The U.S. Labor Department’s consumer price index stayed in heady territory in August. Prices for the basket of consumer products and energy goods rose 5.3% from a year earlier and 0.3% from July. Both of those numbers, though, were one-tenth of a percentage point lower than economists’ projections.

Some economists took the below-expectations results as a sign that the robust price increases of the spring started to taper off last month.

“Consumer prices rose by less than expected, supporting the notion that price pressures will — eventually — prove transitory,” said Stifel Chief Economist Lindsey Piegza in a note. “This morning’s report is a small victory for dovish policymakers who have remained steadfast in their message of inflation-dismissal and hesitant to insist a rollback of emergency measures is needed.”

Still, getting back to the Federal Open Market Committee’s long-run inflation target of 2% may take some time, Piegza admitted. “We’re still a ways away from achieving the Fed’s more benign inflation goal, particularly with some companies suggesting further price increases are coming down the pipeline as we head into the end of the year.”

Indeed, instead of waiting for inflation to cool down, CFOs are taking concrete actions to fight the increases in input and operating costs.

At industrial giant 3M, CFO Monish Patolawala sees broad-based inflation in raw materials, labor, and logistics.

On Monday, Patolawala told investors at the Morgan Stanley Laguna Conference that the conglomerate sees unprecedented inflation in polypropylene, ethylene, and wood pulp; labor inflation in outsourced manufacturing goods and “even in our own factories”; and increases in logistics costs. “Where you see port congestion, you see a lot of pressure on logistics costs,” Patolawala said.

“My belief, and I may be wrong, is until we see a demand-supply parity somewhere, I think [we’re] going to continue to see inflation in raw material and in logistics.”

— Monish Patolawala, CFO, 3M

While 3M has upped some of its prices, “unfortunately, inflation is higher than we even thought in the third quarter.
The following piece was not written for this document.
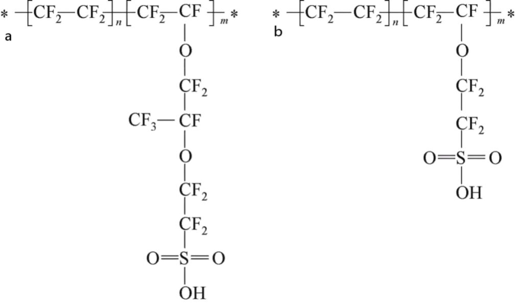 圖2. (a)長側(cè)鏈Nafion系列離聚物(b)端側(cè)鏈Aquavion? 離聚物

So, despite taking price up, getting to positive, we are seeing inflation outstrip price,” Patolawala said.

Despite taking other actions like exploring dual sourcing, improving yields, and being cautious with spending, 3M projects an earnings headwind from inflation of $0.65 to $0.80 per share for the year.

“My belief, and I may be wrong, is until we see a demand-supply parity somewhere, I think [we’re] going to continue to see inflation in raw material and in logistics,” said Patolawala.

Bakery company Hostess Brands is experiencing mid-single-digit inflation in some areas, and last week CFO Brian T. Purcell said he has seen more inflation in the second half of the year.

At the Barclays Global Consumer Staples Conference, Purcell called out commodities, transport, and labor costs as the culprits. While Hostess had prepared for price inflation in commodities it can hedge, sales growth forced it to buy some commodities in the spot market at higher rates.

Purcell said the tight labor market is increasing Hostess’ labor costs. “When you’re in a tight labor market, you pay overtime, you do things like that, and it’s a dynamic environment. I think the team has done a very good job operating through that environment, but it is something that we’re keeping a sharp eye on,” Purcell said.

So far, Hostess has held the line on profitability. “We feel great about holding margins for the year in a pretty volatile inflationary environment,” Purcell said.

Worries over higher inflation, however transitory economists expect it to be, lead to dampened optimism among finance executives.

The AICPA’s economic survey conducted in August found that only a bare majority of finance executives (51%) expressed optimism about the U.S. economy over the next 12 months.

More than three-quarters of the finance executives (77%) said they were concerned about inflation, particularly raw material and labor costs. They also expected higher than normal salary and benefit costs increases. To improve recruitment and retention, 64% of the surveyed executives said their companies offered higher wages or salaries, while 46% said they were offering more flexible work arrangements.

To deal with inflation in other aspects of operations, according to the AICPA survey, companies are imposing price hikes, cutting costs, stockpiling materials and components, and renegotiating service agreements or supply chain contracts to lock in pricing.